In the closing moments, as more YouTubers smarmily declare that the truth hasn’t been told about Murphy’s death, a clip from one of her films is played where she pleads, ‘Why won’t you just let me die?’ What it reminded me of was the staggeringly arrogant ending to another exploitative true-crime series, Netflix’s Don’t F**k with Cats. In that show, an amateur online detective turns to the camera and declares that the audience is complicit in the disturbing case the show has spent several episodes leering over. Yes, it is us, the audience, who are the real villains here. Not the directors who decided to achingly recreate a young woman’s dead body lying in her house. Not the tatty tabloid hacks who were ‘following orders’ and ‘going with the flow’ by turning Murphy’s death and low points of her life into clickbait. Not HBO Max or Blumhouse for pretending there is even a smidgen of respectability in their decision to make sport of someone’s passing.

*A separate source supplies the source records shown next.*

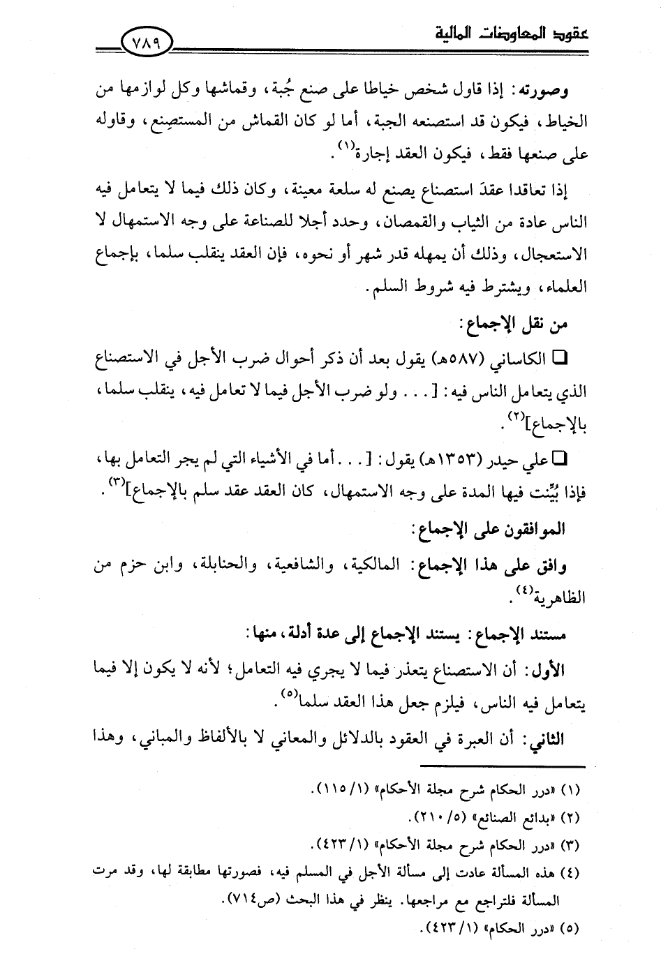 • علي حيدر (1353 هـ) يقول: [. . . أما في الأشياء التي لم يجر التعامل بها، فإذا بُيِّنت فيها المدة على وجه الاستمهال، كان العقد عقد سلم بالإجماع] (¬3).
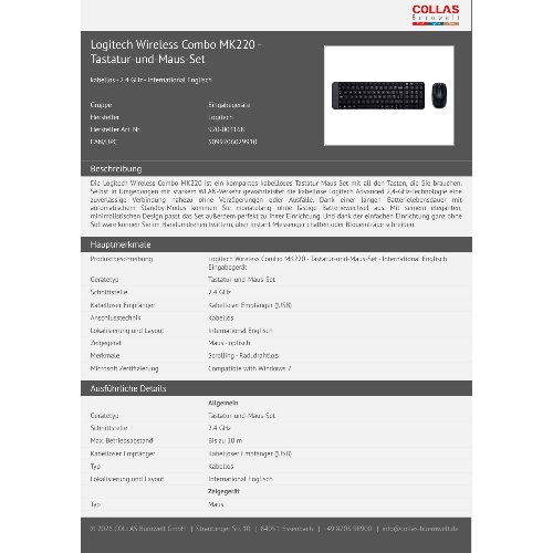 Jetzt anmeldenProduktinformationen "Logitech Wireless Combo MK220 - Tastatur-und-Maus-Set"
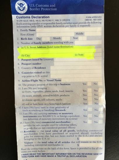 一名持有十年美签的中国男旅客从广东抵达美国,在入境芝加哥奥黑尔国际机场时,所填写的"海关申报表"中,写下非旅馆的美国停留地址。。。但他还没有意识到,麻烦大了!
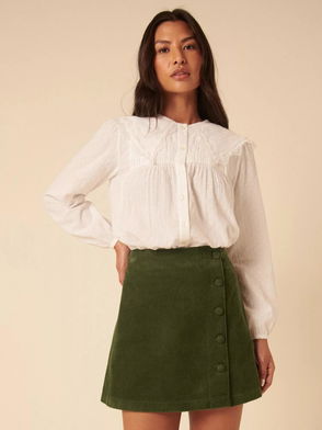 Dark Green Corduroy Heart Embroidered Mini Skirt
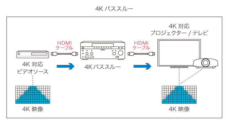 HDMI入力は、これまでの3D映像信号に加えて、4K映像にも対応(*2)。映像機器からの4K信号をパススルーし、4K対応のテレビやプロジェクターなどへそのまま信号を出力できます。
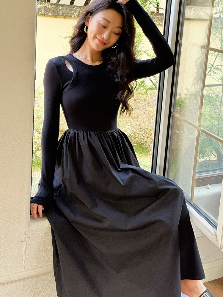 女装新款显瘦打底连衣裙中长款韩国女装套头小黑裙修身针织裙
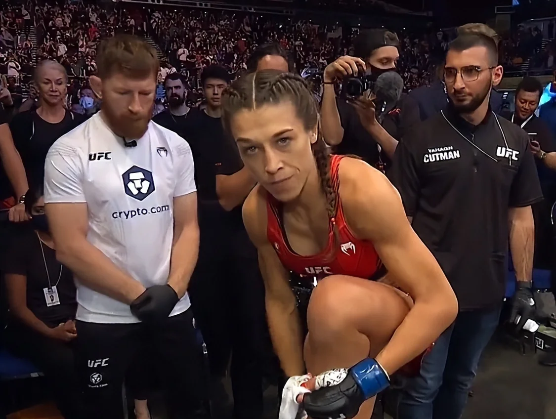 首先,乔安娜登场,为了这场比赛,乔安娜备战了长达5个月!赛前,她眼神坚定,UFC历史上,她是第一位波兰籍冠军。
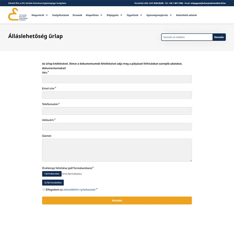 kontrolling vezető, XVI. Kerület Kertvárosi Egészségügyi Szolgálata
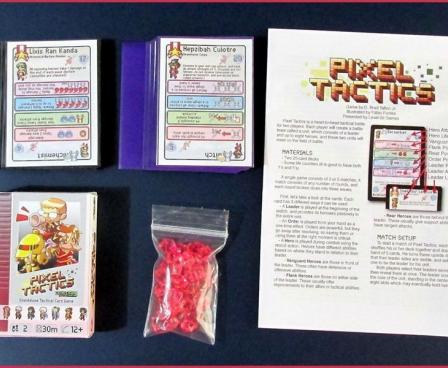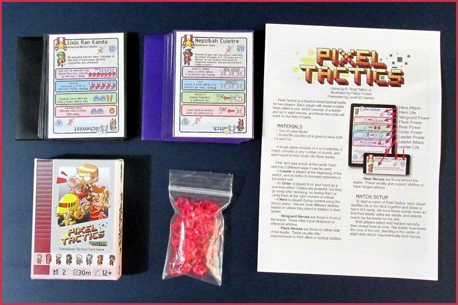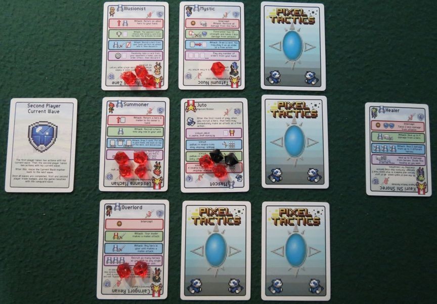 Pixel Tactics is a head-to-head game of tactical combat for two players. Each player has an identical deck of 25 cards, from which they draft a leader. The leader's abilities alter vastly the strategy and playability of every other card in the deck, making the game playable in 25 different ways.
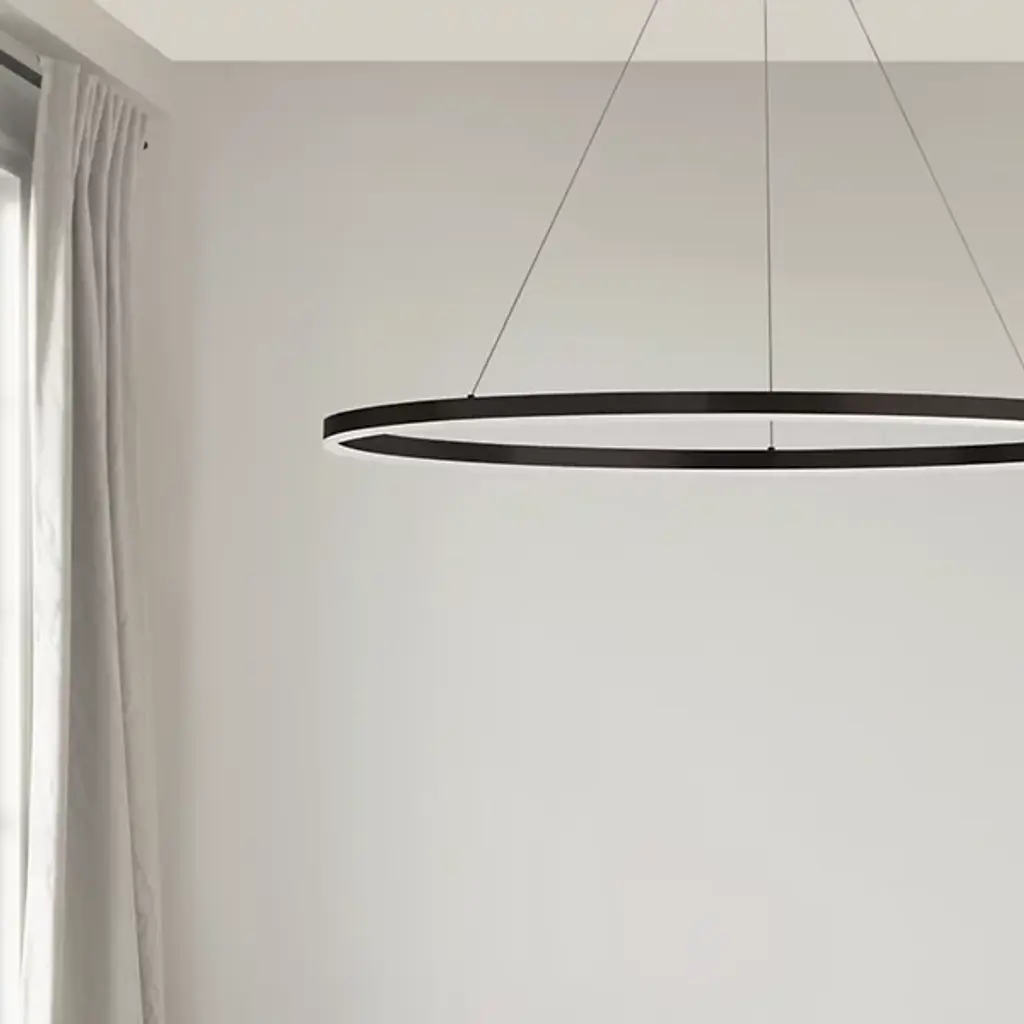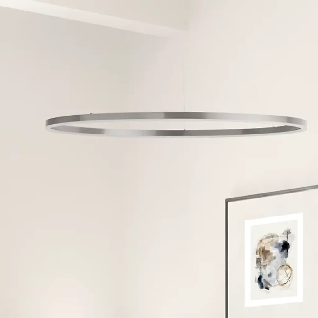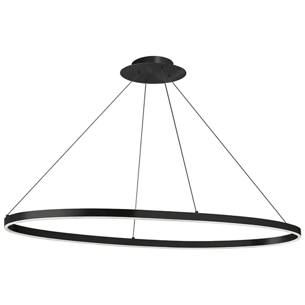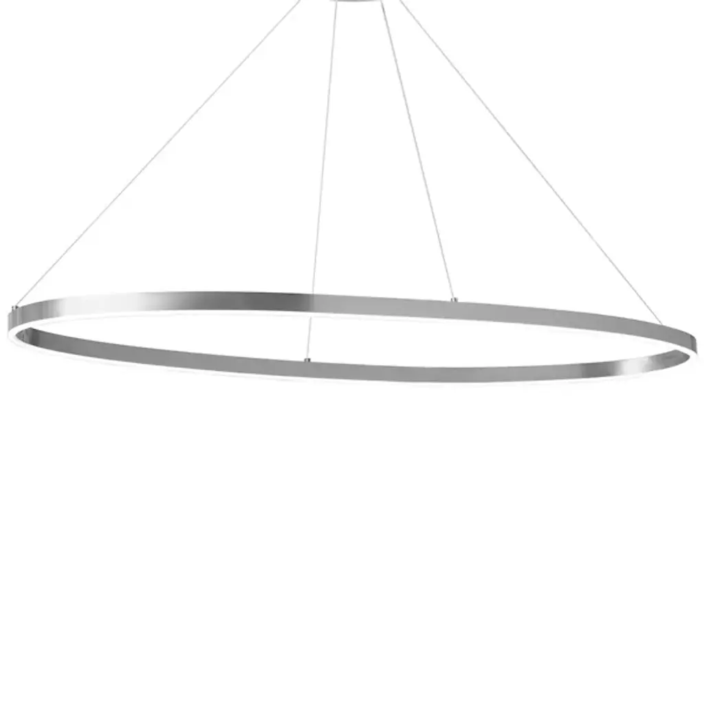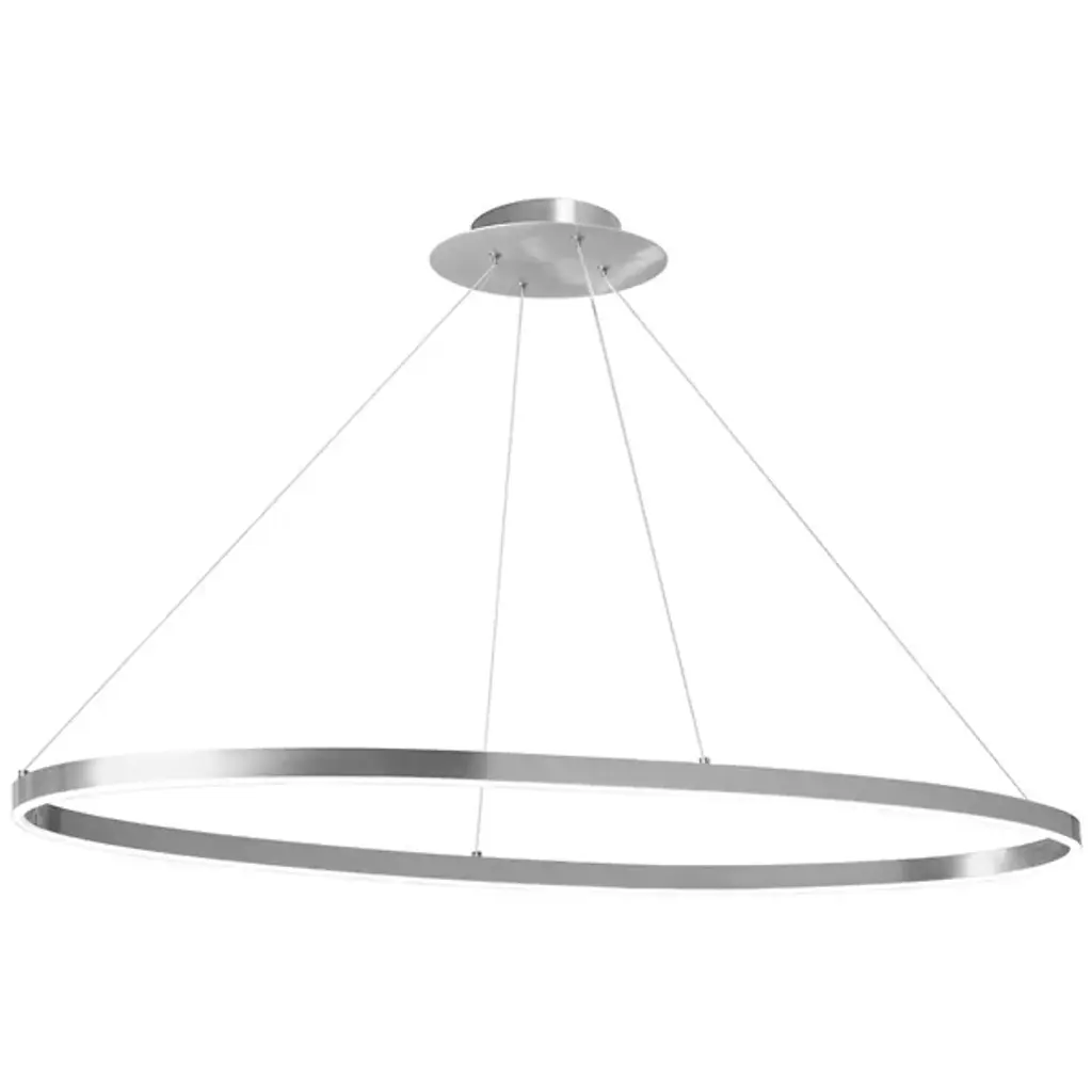 A smooth, speedy lighting look for minimalist spaces. The Circulo LED Oval Chandelier by Dainolite is a smooth, racetrack-shaped fixture suspended from the ceiling canopy by slender metal cables. The bottom of the metal ring is fitted with an acrylic lens, which wokrs to evenly diffuse the light created by the energy efficient array of LEDs housed within. The proportions of this chandelier make it a great option for illuminating a large dining table or kitchen island.

I’ve written a lot over the past couple of years about the increasingly ghoulish nature of true crime, a genre that was never particularly clean to begin with. Over a decade or so, it’s entirely oversaturated the market, from movies and TV shows to podcasts, ASMR channels, newsletters, and too many more things to count. Never before has true crime been more culturally relevant or critically legitimate. No longer is it the tawdry hobby you were embarrassed to admit to your friends, not when it’s morphed into a multi-million-dollar industry. Because it’s now accepted by the mainstream, there seems to be an implicit agreement that its most exploitative elements can be justified as acts of integrity. We’re not exploiting Brittany Murphy’s memory, you see, we’re actually holding the bullies to account, we just so happen to be doing that by replicating all of their worst excesses. You thought it was gross when tabloids speculated on her mental health? Well, here’s audio of her mother sobbing. That’s ethical.

What Happened, Brittany Murphy? isn’t the worst example of this true-crime trend I’ve ever seen, sadly because the competition is so stiff, but it is representative of how dubious intentions are masked in the air of journalistic nobility. Pop culture’s been working a lot recently to correct the wrongs done to maligned and exploited women in the public eye, from Tammy Faye Bakker to Monica Lewinsky. This documentary is, if nothing else, helpful in reminding us that, ultimately, the personhood of these women matters jack sh*t to capitalistic forces of so-called entertainment. Being complicit pays.

What Happened, Brittany Murphy? is available to watch on HBO Max as of October 14, 2021.